Although colorless hallucinating patterns have been reported in a few rare CBS cases4 literature search does not reveal any similar CBS incident of black and white visual hallucinations in which the hallucinating subject does not play a pivotal role. The obituary content of our patient’s visual hallucinations also represents a distinctive CBS manifestation. Her visual CBS hallucinations have always been uncoloured. Thus, no change in their nature that might be associated with a traumatic life event, as indicated in scientific reports3, could be stressed. Therefore, new notions regarding the enlargement of the phenomenological approach, depiction of clinical demonstrations, and underlying pathophysiological mechanisms of CBS have emerged. Our patient’s black and white visual hallucinations may suggest the involvement in their pathophysiology of ventral occipitotemporal cortex areas that are thought to be associated with acquired cerebral achromatopsia instead of the increased ventral extrastriate activity pattern that fMRI studies support for typical CBS5. Even though she meets only two diagnostic criteria for atypical CBS (prolonged stressful reaction towards visual hallucinations and positive personal psychiatric history), the colorless, obituary, not person-focused content of her hallucinations comprises a unique clinical manifestation of CBS6.
Conflict of interest
No conflict of interest to declare.
- Pang L. Hallucinations Experienced by Visually Impaired: Charles Bonnet Syndrome. Optom Vis Sci. 2016; 93: 1466-1478.

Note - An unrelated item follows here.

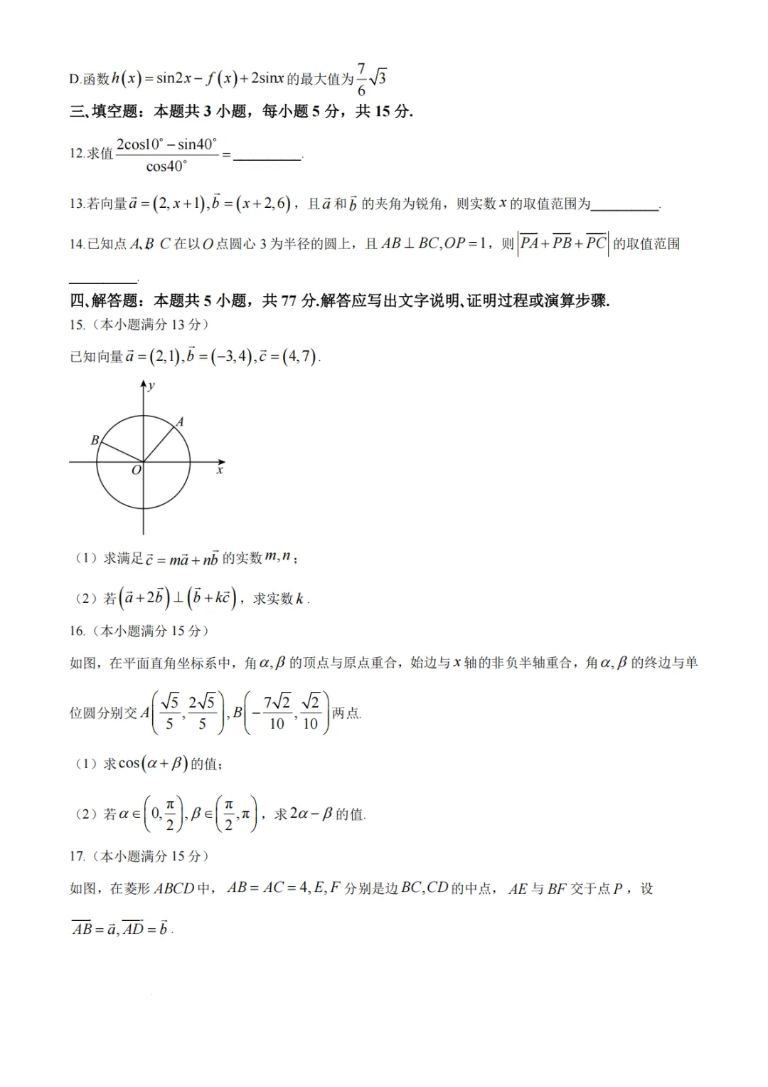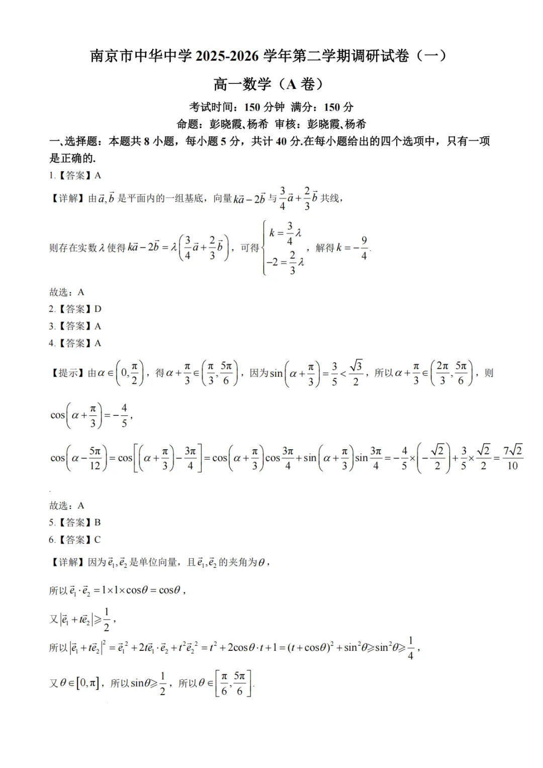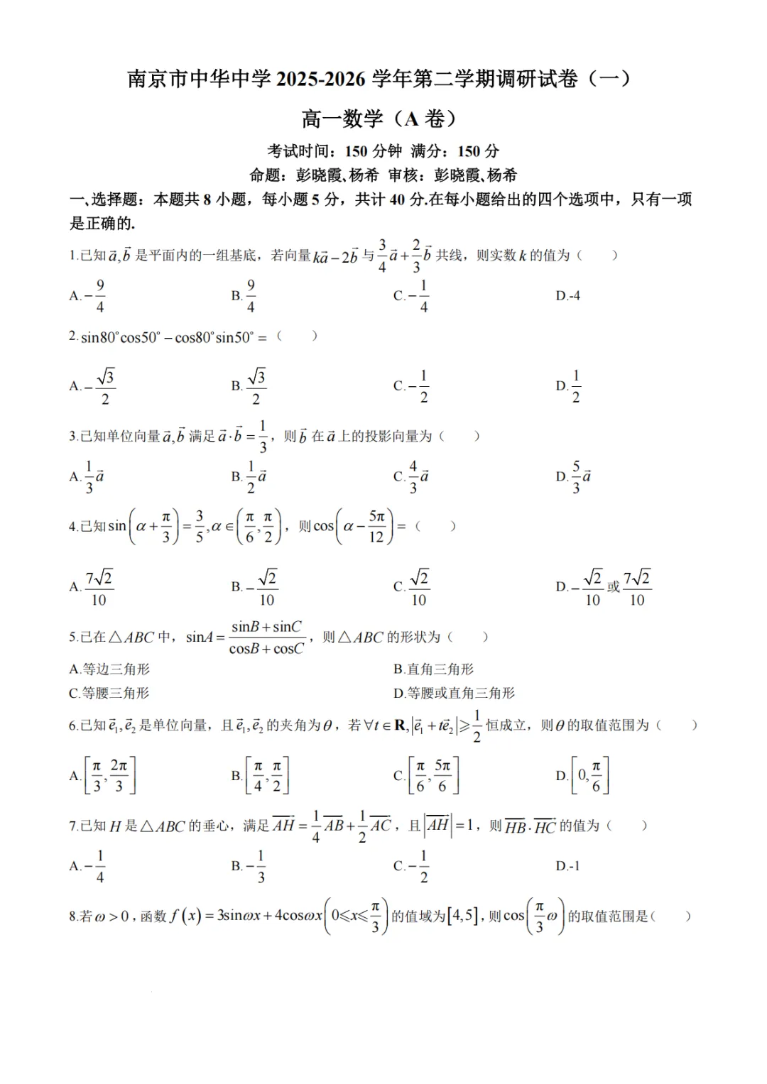 >【高中数学试卷】江苏南京市中华中学2025-2026学年高一下学期调研试卷(一)数学试题+答案

- Lagoudis A, Bozikas V. [Charles Bonnet syndrome: case reports and short review]. Psychiatriki. 2011; 22: 68-72.
- Carpenter K, Jolly JK, Bridge H. The elephant in the room: understanding the pathogenesis of Charles Bonnet syndrome. Ophthalmic Physiol Opt. 2019; 39: 414-421.
- Coltheart M. Charles Bonnet Syndrome: Cortical Hyperexcitability and Visual Hallucination. Curr Biol. 2018; 28: R1253-R1254.
- Ffytche DH, Howard RJ, Brammer MJ, David A, Woodruff P, Williams S. The anatomy of conscious vision: an fMRI study of visual hallucinations. Nat Neurosci. 1998; 1: 738-742.
- Bou Khalil R, Richa S. Comorbidités psychiatriques et pychologiques du syndrome de Charles-Bonnet typique et atypique [Psychiatric, psychological comorbidities of typical and atypical Charles-Bonnet syndrome]. Encephale. 2011; 37: 473-480.